Transparency and Amicus Curiae Participation
Enhancing transparency around ISDS proceedings-traditionally criticized for secrecy-has been a key step towards anchoring ESG principles within international adjudication.Allowing third-party submissions from stakeholders such as environmental NGOs or affected communities gives depth to ESG issues beyond the litigation positions. The UNCITRAL Transparency Rules guide such participatory processes, reflecting treaty parties’ commitment to procedural inclusivity and socially responsible adjudication.
Implications for States, investors, and the Future Trajectory
the ongoing adaptation of global investment treaties to incorporate ESG principles has profound implications for states, investors, and the broader international legal order. For states, it embodies an enhanced ability to harmonize economic development with sustainability imperatives without forfeiting investment capital appeal. For investors, it signals a need to align business models with ESG standards to minimize risks of host state regulatory action and potential disputes.
Balancing Sovereignty and investor Protection
The evolving treaty norms challenge longstanding tensions between state sovereignty in promulgating ESG-compliant policies and investor protections underpinning international investment law. The legal architecture must carefully navigate these competing interests, as underscored by commentators like Dolzer and Schreuer in Principles of International Investment Law, maintaining a elegant equilibrium that avoids chilling legitimate regulatory activity while ensuring fair investor treatment.
Market Signaling and Responsible Investment Incentives
Explicit ESG provisions within treaties function as signals to the global investment community, incentivizing responsible investment practices and corporate governance reforms.
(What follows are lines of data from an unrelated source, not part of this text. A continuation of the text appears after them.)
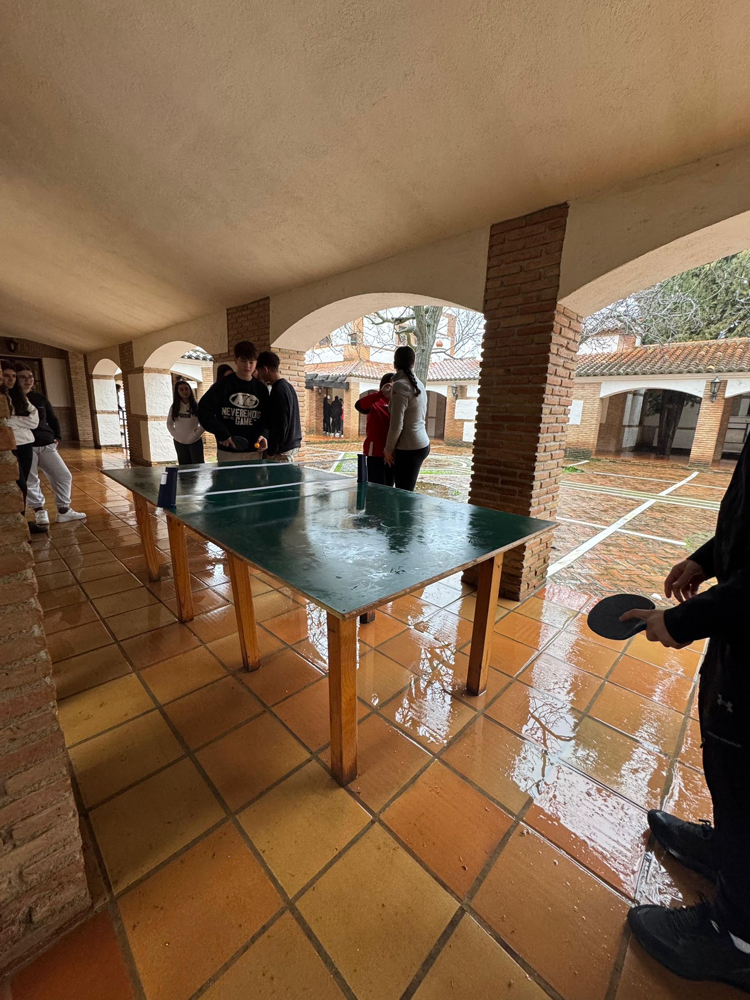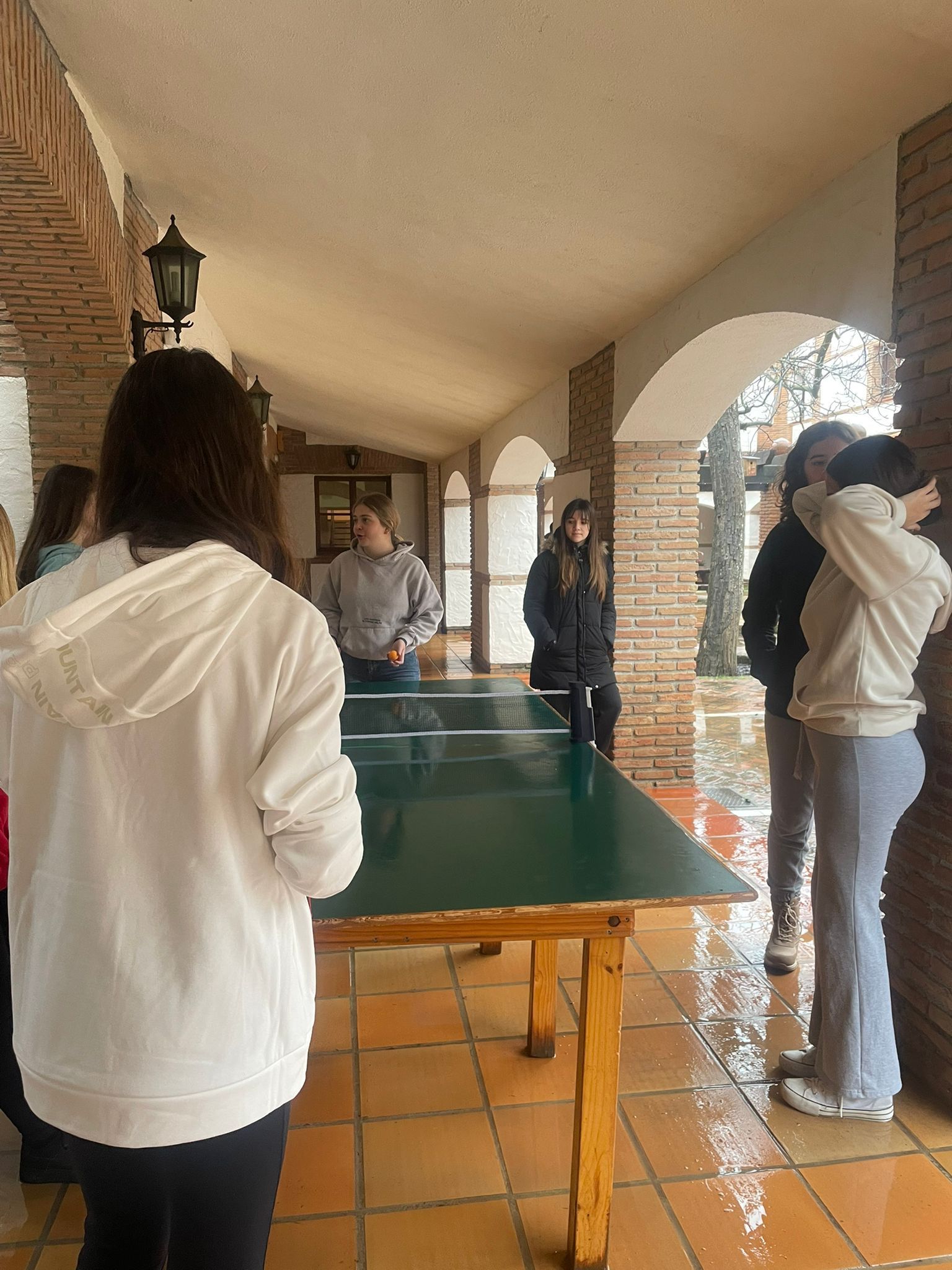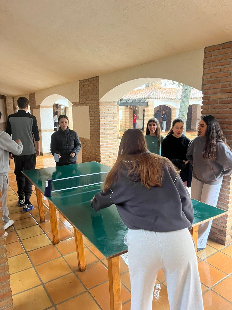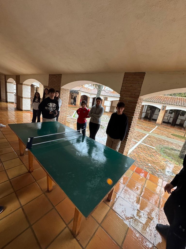Al llegar al albergue es la hora de la comida, hoy toca lentejas y chuletas. Después de la comida, un poco de tiempo libre para jugar al pin-pon y aprovechar el sol que tanta falta nos hace.
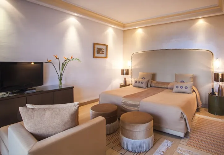 L’hôtel possède 281 chambres dont la plupart donne une vue imprenable sur la mer. Les chambres sont réparties sur tout l’établissement et présentes toutes un confort total et une luxe unique et très satisfaisante. Les chambres sont équipées de chauffage central et air conditionné. Le confort proposé comprend pour chaque chambre une télévision avec satellite, une salle de bain comprenant une douche, et un sèche-cheveux une baignoire, une terrasse ou une loggia, un WC, un coffre payant pour utilisation, un lit pour bébé à la demande, et un mini-frigidaire qui est aussi payant. Les chambres sont de tous les types : simple, double, triple et même quadruple. Outre les chambres disposant des équipements nécessaires, l’hôtel possède aussi des bungalows et des chambres qui peuvent être aménagées spécialement pour les handicapés. Des suites sont aussi mises à la disposition de la clientèle, elles sont au nombre de cinq. Chaque suite est bien équipée et de façon très luxueuse. Une suite de prestige est aussi disponible, très spacieuse elle offre un équipement de très haut standing allié avec un décor très moderne.
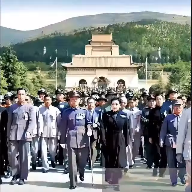 1946年,宋美齡和蔣介石帶領國民黨要員祭拜中山陵的罕見合影。經過長達14年的浴血奮戰,中國取得抗日戰爭的勝利,蔣介石決定把首都從重慶遷南京,並祭拜了孫中山先生。
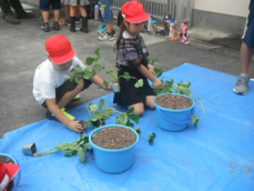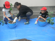 いちごいちえ さんをお招きし、1年生がイチゴの移植に挑戦していました。イチゴに合う土づくりから始まり、移植する苗の向きや方法まで、丁寧に教えてくださりました。子供たちは興味津々でお話を真剣に聞いていました。いちごいちえ さん、本当にありがとうございました。
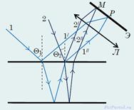 Разность хода лучей 1 и 2 в отраженном свете можно выразить следующим образом (считаем что показатель преломления среды n меньше показателя преломления стекла:
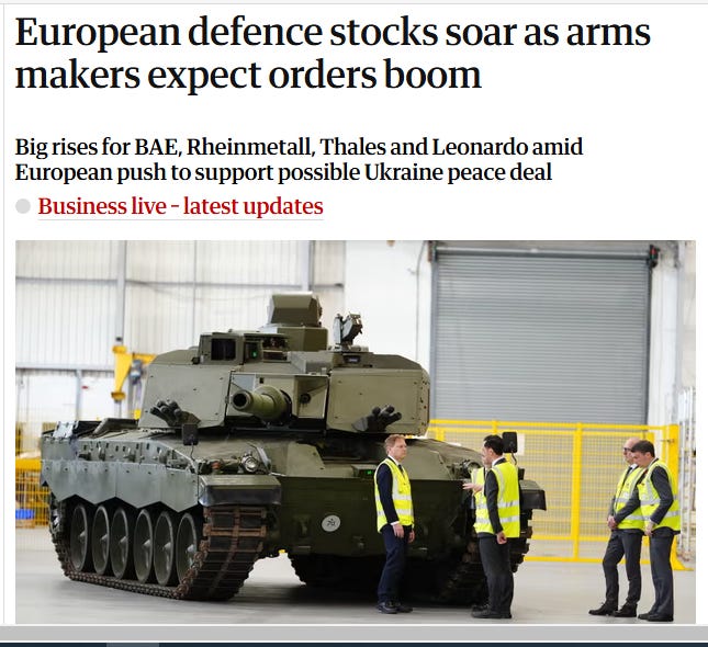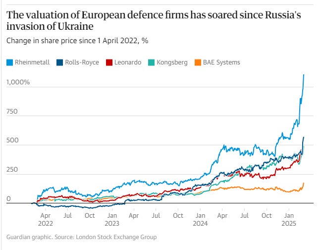 With European leaders scrambling to rearm and build a “coalition of the willing” to keep the peace in Ukraine if Kyiv can somehow reach a truce with the Kremlin, investors envisaged a mega-bonanza for the Continent’s war machine.
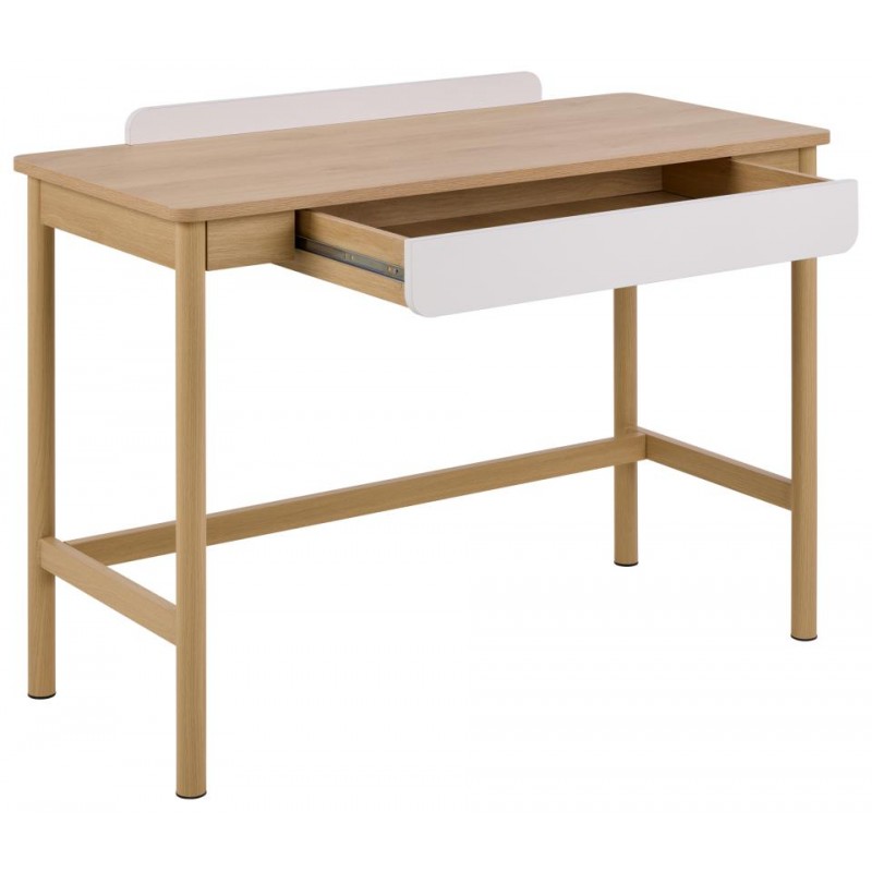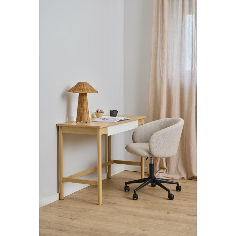 Biurko Alpena stanowi doskonały wybór zarówno do biura jak i pokoju młodzieżowego. Mebel ten reprezentuje nowoczesny styl skandynawski — łączy w sobie naturalny, drewniany wygląd z beżowymi akcentami i delikatnie zaokrąglonymi kształtami, dzięki czemu harmonijnie dopasowuje się do różnych aranżacji wnętrz. Przestronna beżowa szuflada zapewnia wygodne miejsce do przechowywania najpotrzebniejszych przedmiotów.
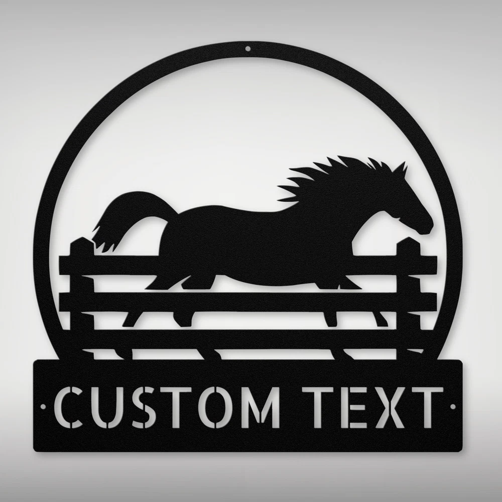 Product Description Custom Horse Metal Sign Durable Wall Decor for Equestrian Lovers Showcase your love for horses with our Custom Horse Metal Sign . This stunning sign is perfect for horse enthusiasts and adds a unique touch to any space. Crafted from 16 gauge high-quality metal, it is designed to last, making it an ideal choice for both indoor and outdoor settings. With a powder-coated finish, this sign is not only visually appealing but also resistant to dust, weather, and moisture. Whether you hang it in your home, barn, or office, it beautifully represents your passion for these magnificent animals. You can customize it with your name or a special message, turning it into a one-of-a-kind piece that truly reflects your personality. This sign makes a fantastic gift for Christmas, birthdays, or any special occasion, ensuring that any horse lover in your life will appreciate this thoughtful gesture. It effortlessly enhances any decor, adding warmth and charm to your surroundings. Key Features: Customizable: Personalize with your name or a special message for a unique touch. Durable Construction: Made from high-quality 16 gauge metal for lasting durability. Weather Resistant: Powder coating protects against dust, moisture, and fading. Versatile Decor: Perfect for homes, barns, offices, or as a gift for horse lovers. Elegant Design: Enhances the beauty of any space while showcasing your love for horses. Elevate your decor with the Custom Horse Metal Sign and celebrate your equestrian passion in style! Service and Color Choice Our metal signs are designed to be personalized just for you, making them the perfect addition to any space! The default color for our signs is Black , but we also offer a variety of beautiful options including Copper, Gold, White, and Silver . After placing your order, simply contact us with your preferred color choice, and we'll ensure your sign is exactly how you envision it. Let’s create something special together!
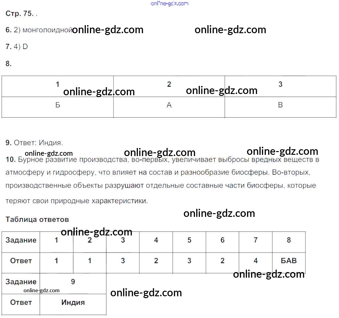 Готовые домашние задания по Географии за 5, 6 класс Тетрадь-экзаменатор Барабанов Сферы 2017 - Страницы 75

The increasing number of ESG-linked arbitration clauses conveys that sustainability is no longer an ancillary ethical consideration but a contractual and legal imperative. This shift aligns with global investor trends documented by the UN Principles for Responsible Investment, which emphasize the financial materiality of ESG factors.
Prospective Developments in Treaty-Making
Looking forward, we may anticipate more comprehensive multilateral investment frameworks integrating ESG criteria, potentially linked to climate finance mechanisms and social justice goals enshrined in international legal orders. The ongoing negotiations at forums such as the UNCTAD Investment Facilitation Framework illustrate the commitment to embed ESG considerations systematically.
Conclusion
The integration of ESG principles into global investment treaties is not merely a topical addendum but a fundamental reconfiguration of investment law’s doctrinal and operational paradigms. This transformation reflects broader societal demands for sustainability, corporate accountability, and equitable economic development in an era facing environmental and social challenges of unprecedented scale. As treaties evolve to embed ESG considerations through textual innovation, jurisprudential reinterpretation, and procedural modernization, the international legal community is witnessing the emergence of a renewed investment regime-one that negotiates investor rights and state responsibilities within the matrix of sustainable development.
Practitioners and scholars must continue to navigate this dynamic landscape with nuanced understanding and pragmatism, as the boundaries of investment protection are redrawn to accommodate the imperatives of responsible global stewardship. The interplay of legal doctrine, economic incentives, and normative values ensures that global investment treaties will remain a vibrant field of legal innovation, responsive to the ESG challenges of the 21st century.